Milton Lee Olive, III

Private First Class
Army of the United States
07 November 1946 - 22 October 1965
Chicago, Illinois
Panel 02E Line 131

Medal of Honor

Combat Infantry

Purple Heart, National Defense, Vietnam Service, Vietnam Campaign

Milton L. Olive

The database page for Milton Lee Olive, III

04 Aug 2004

The President of the United States
in the name of the Congress of the United States
takes pride in presenting the


posthumously to

Milton Lee Olive, III
Private First Class
United States Army

for service as set forth in the following


For conspicuous gallantry and intrepidity at the risk of his life above and beyond the call of duty. Pfc. Olive was a member of the 3d Platoon of Company B, as it moved through the jungle to find the Viet Cong operating in the area. Although the platoon was subjected to a heavy volume of enemy gunfire and pinned down temporarily, it retaliated by assaulting the Viet Cong positions, causing the enemy to flee. As the platoon pursued the insurgents, Pfc. Olive and 4 other soldiers were moving through the jungle together when a grenade was thrown into their midst. Pfc. Olive saw the grenade, and then saved the lives of his fellow soldiers at the sacrifice of his own by grabbing the grenade in his hand and falling on it to absorb the blast with his body. Through his bravery, unhesitating actions, and complete disregard for his safety, he prevented additional loss of life or injury to the members of his platoon. Pfc. Olive's extraordinary heroism, at the risk of his life above and beyond the call of duty are in the highest traditions of the U.S. Army and reflect great credit upon himself and the Armed Forces of his country.


by Harry G. Robinson III
E-mail address is not available.

A Note from The Virtual Wall

B Company, 2/503rd Infantry, lost two men on 22 Oct 1965, PFC Olive and SP4 George G. Luis of Pahoa, Hawaii.
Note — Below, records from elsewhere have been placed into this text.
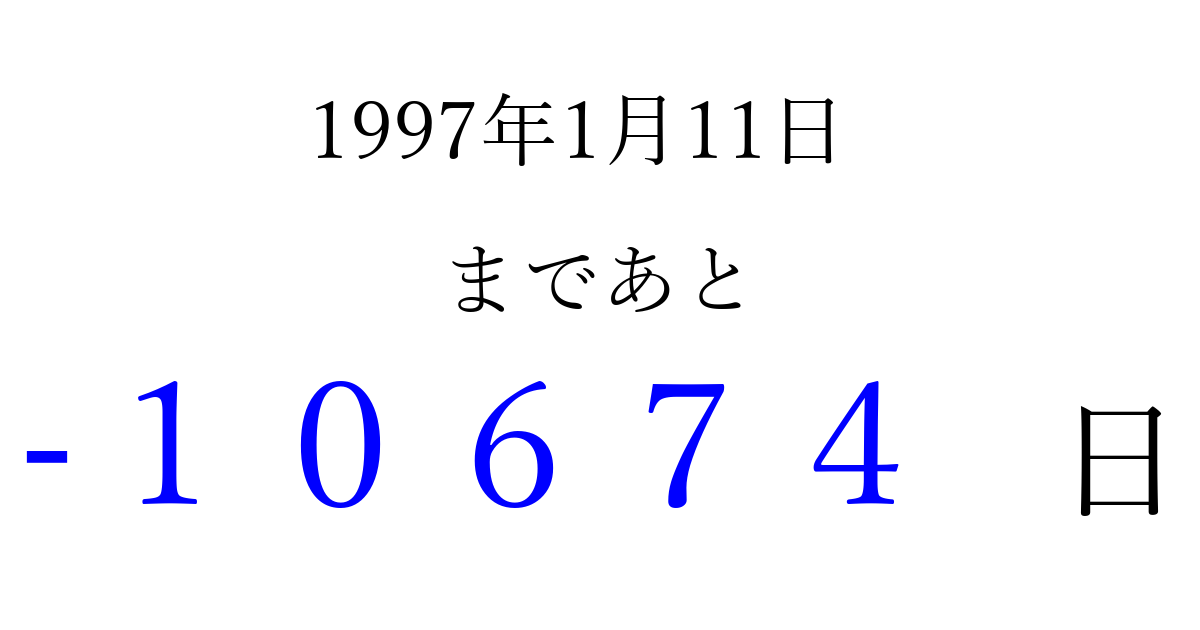 1997年1月11日(土)は もう 00000 日過ぎました 追加すると、トップページからすぐ選べるようになります ※2026/04/03現在の結果です。 最新の状態に更新する ↓シェアして、タイムライン上にカウントダウンを表示しよう!↓ 📤 この結果を共有する Tweet シェア Threads Bluesky 別の日付でカウントダウン 1997年1月のカレンダー このページをブックマークに追加すると、いつでもカウントダウンを確認できます。 (PC: Ctrl+D / Mac: ⌘+D) hitome-notes.comでは以下のページも運営しています。 指定日と期間から日付を計算 | ガチャ確率計算・シミュレーション | プライバシー・ポリシー 運営者:Avocado
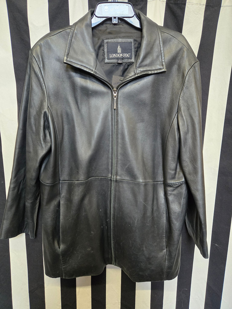 Vintage 90s black zip up jacket. This jacket is a longer trench style with exterior pockets.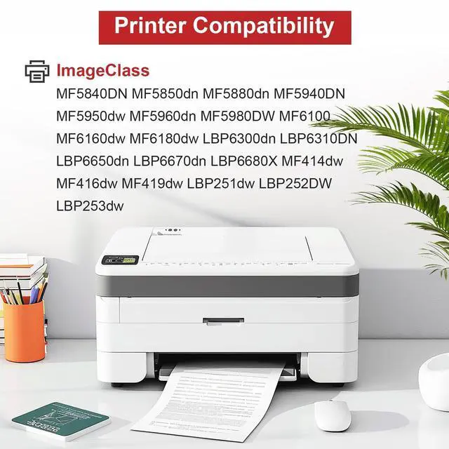 Printer Compatibility: Compatible for Canon imageCLASS MF5840DN MF5850dn MF5880dn MF5940DN MF5950dw MF5960dn MF5980DW MF6100 MF6160dw MF6180dw LBP6300dn LBP6310DN LBP6650dn LBP6670dn LBP6680X MF414dw MF416dw MF419dw LBP251dw LBP252DW LBP253dw Printers ^^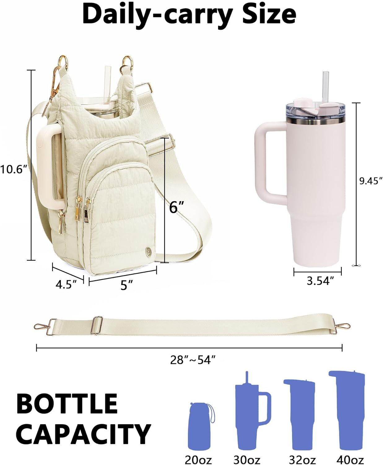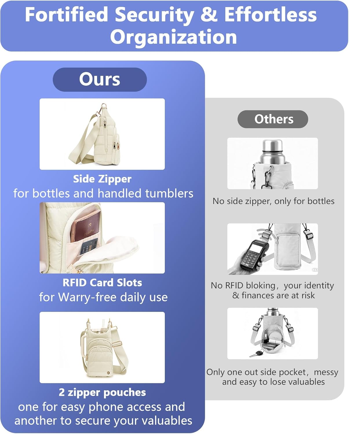 Water Bottle Holder with Strap for 30 OZ Tumbler with RFID Blocking Pocket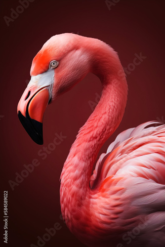 A beautiful exotic bird, a long-necked pink flamingo standing proudly in the water on a pink background. Generative ai
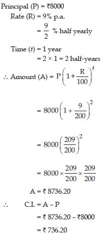 Calculate the amount and compound interest on ₹8,000 for 1 year at 9% per annum compounded half-yearly.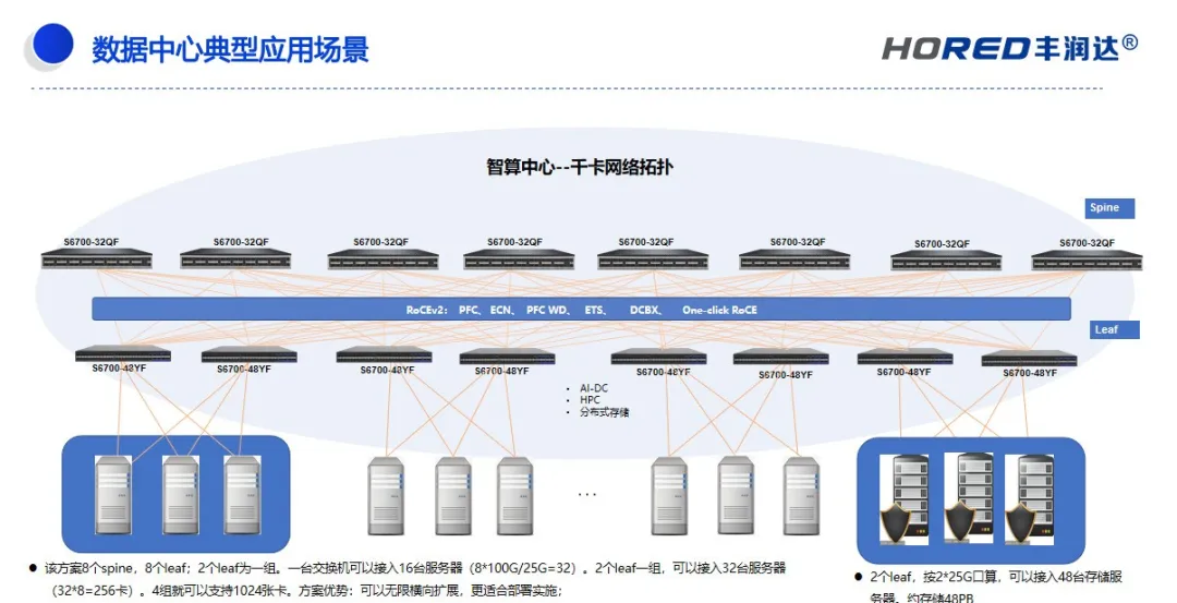 在扩展性方面,Spine-Leaf支持灵活的水平扩展:增加Spine交换机可提升带宽,扩展Leaf层则可接入更多计算节点。这种模块化扩展模式有效避免了传统网络的升级瓶颈,助力客户实现算力基础设施的平滑演进。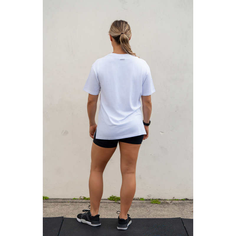 Introducing the Concept2 x LSKD ultra premium white oversized T-shirt, a perfect blend of comfort and style. Crafted from ultra soft cotton with 5% spandex for added mobility when you need it, making it the perfect shirt for both fitness and casual wear.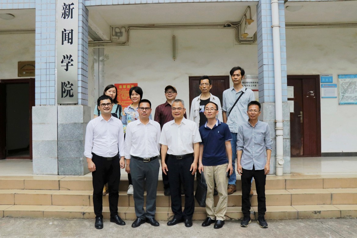 本站讯 4月20日下午,我院于我校东校区至善楼309会议室举行yL23411永利集团与贵港日报社交流座谈会,并在文科实训楼演播室前进行融媒体创新教学实践基地挂牌仪式。贵港日报社副社长张智荣、融媒体技术部主任谢静翔、摄影部主任潘金强等一行人到我院进行交流,我院副院长郑立峰,办公室主任,传媒系系主任及相关教师出席座谈会,部分学生代表参加。此次座谈会由郑立峰主持。

On 21 April 1966, President Lyndon B. Johnson presented the Medal of Honor to Milton L. Olive Jr, saying in part

"The Medal of Honor is awarded for acts of heroism above and beyond the call of duty. It is bestowed for courage demonstrated not in blindly overlooking danger, but in meeting it with eyes clearly open.

"That is what Private Olive did. When the enemy's grenade landed on that jungle trail, it was not merely duty which drove this young man to throw himself upon it, sacrificing his own life that his comrades might continue to live. He was compelled by something that is more than duty, by something greater than a blind reaction to forces that are beyond his control.

"He was compelled, instead, by an instinct of loyalty which the brave always carry into conflict. In that incredibly brief moment of decision in which he decided to die, he put others first and himself last."

PFC Olive was the second of the 173rd Airborne Brigade's ten posthumous Medal of Honor recipients and the first of twenty African-Americans who earned the Medal in Vietnam - 16 of them posthumously. His fellow Chicagoans have further commemorated his life and courage by naming a junior college, a park, and a portion of the McCormick Place Convention Center after him.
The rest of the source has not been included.